In a surprising turn of events, traditional US bank Silvergate collapsed as its shares dropped in the market. This shocking development has sent ripples throughout the financial world and raised concerns about the stability of the banking industry.
The shares of Silvergate began to decline on Thursday, causing concern among investors and analysts. By midday, the stock had dropped by over 60%, siphoning off $80 billion in value. As a result, many investors have now begun to sell off their shares.
The collapse of Silvergate has sent shockwaves through the financial industry, with many experts predicting a domino effect that could also lead to the collapse of other traditional banks.

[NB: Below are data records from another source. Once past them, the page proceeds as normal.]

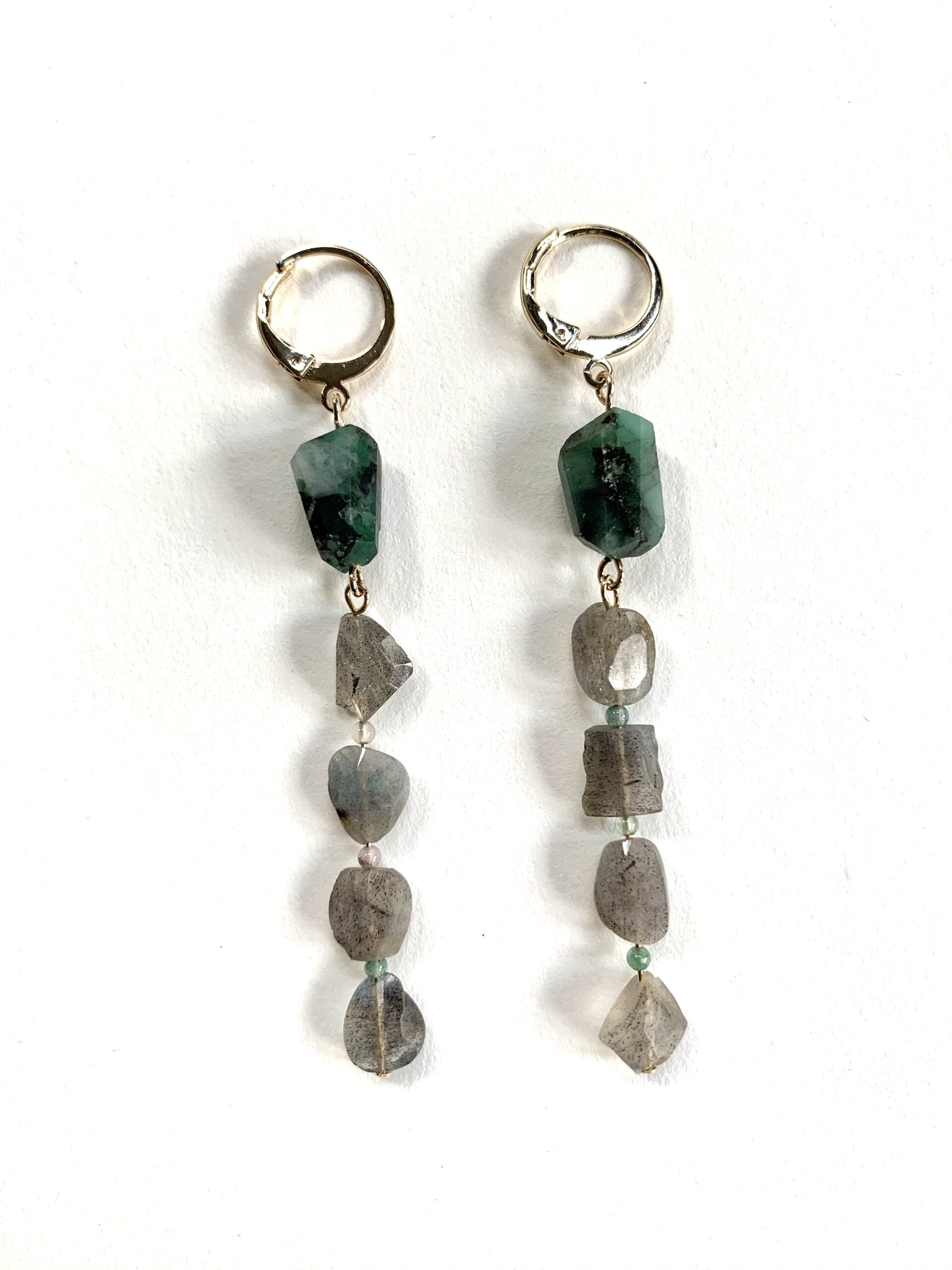 Lange mistige oorbellen van semietransparante Labradorite met wame flonkertjes en een bosgroene Smaragd. Tussen de grote kralen kleine Snake Dragon Jade pareltjes
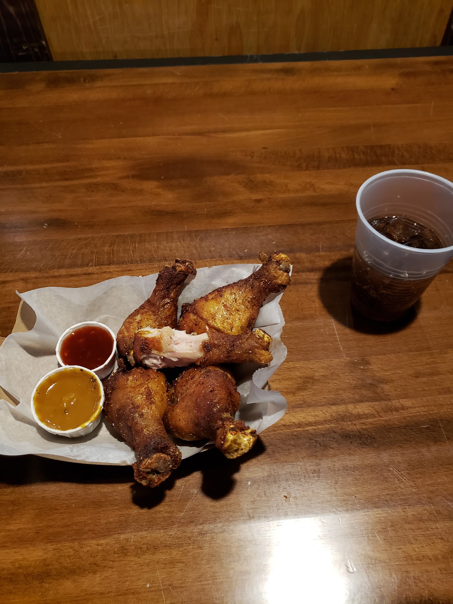 We (being service industry workers and bar managers) unfortunately sat at the bar on a semi-busy Saturday, and he was losing his cool. I put a $20 bill on the bar and waited a very short time for him to notice me, which was awesome, but then he berated me: "Just shout out what you want! We're busy and can't wait for you!" Really dude? You have 20 people at the bar with full drinks, and you're yelling at me for what reason exactly? Oh, sorry that I was politely waiting for you to notice me. Next time I'll bring in an air horn to get your attention.
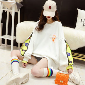 2021年秋季新款 韩版宽松胖MM大码中长款卡通印...
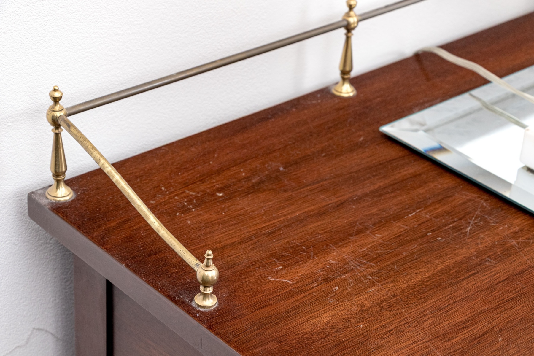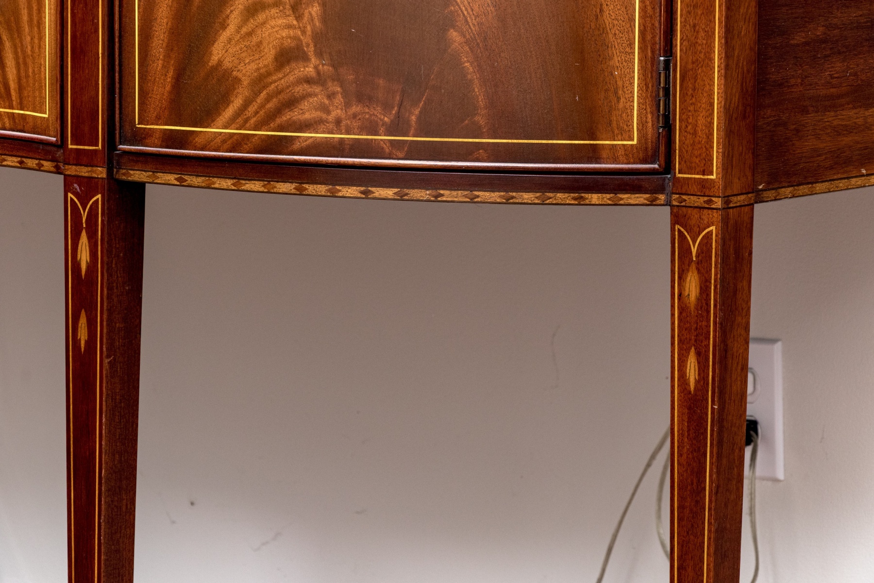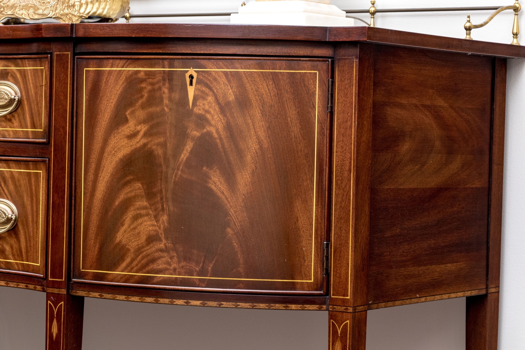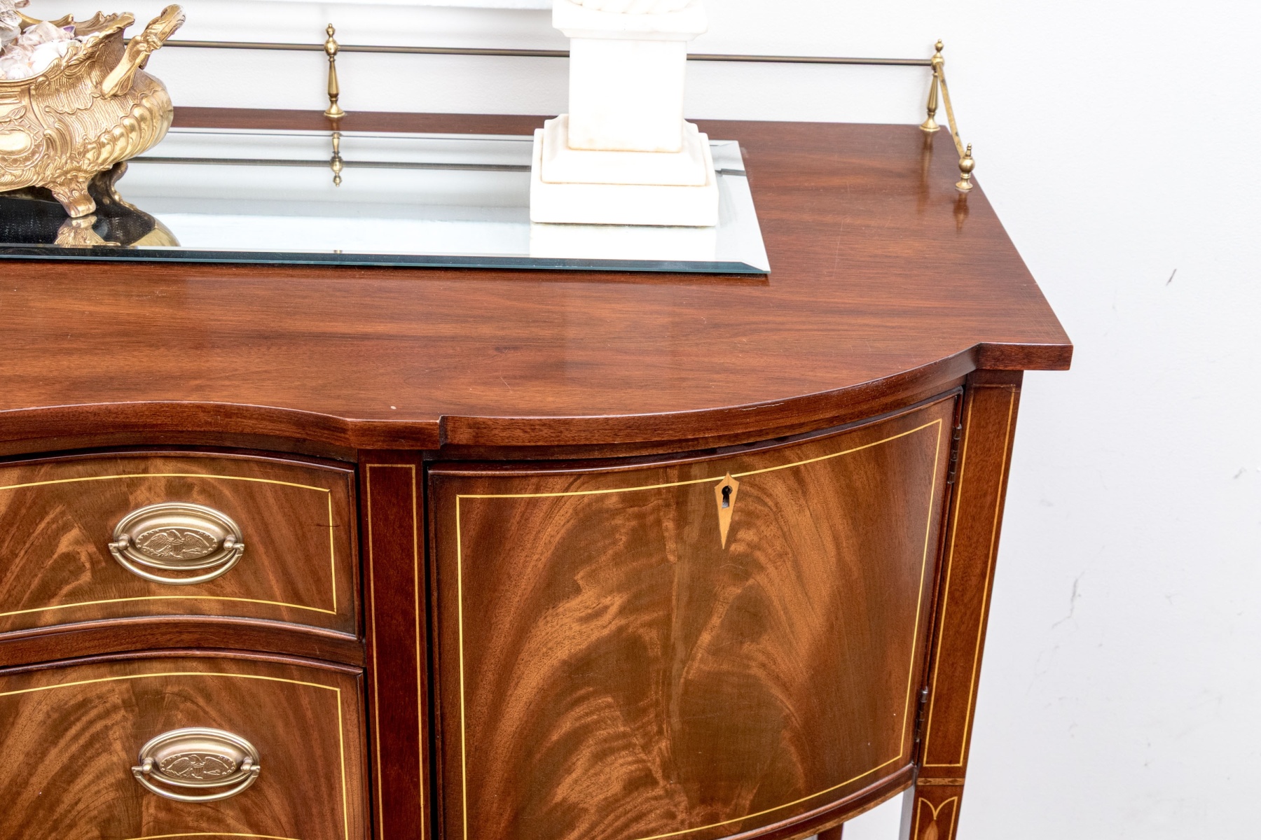 A stunning and high quality Henkel Harris sideboard with great Federal appeal, well crafted with rich, warm-toned medium brown mahogany veneers. The sideboard sports a stately oxbow form with bracketed swells creating a shapely profile along the front edge opposing a brass gallery at the back.

This has left many investors concerned about the stability of the banking industry, with some calling for increased regulation and vigilance.
What is the Response of the Experts?
Response to the news has been mixed, with some investors expressing anger and frustration at the bank’s management, while others are more sympathetic to the bank’s plight. US Senator Elizabeth Warren considered Silvergate bank’s failure depressing, but destined. Many customers have also expressed concern about the safety of their deposits.
What will be the Next Move for Silvergate Bank?
This would be a significant blow to the banking industry and could have far-reaching consequences for the economy as a whole. However, as of now, the bank aims to promise full repayment of all deposits for customers.
Apart from that, Silvergate unveiled the sale of $21 billion worth of its securities holdings to compensate for a $1.8 billion loss to fortify its balance sheet, planned to collect additional capital. The collapse of Silvergate serves as a reminder of the vulnerability of the banking industry and the need for proper supervision and regulations.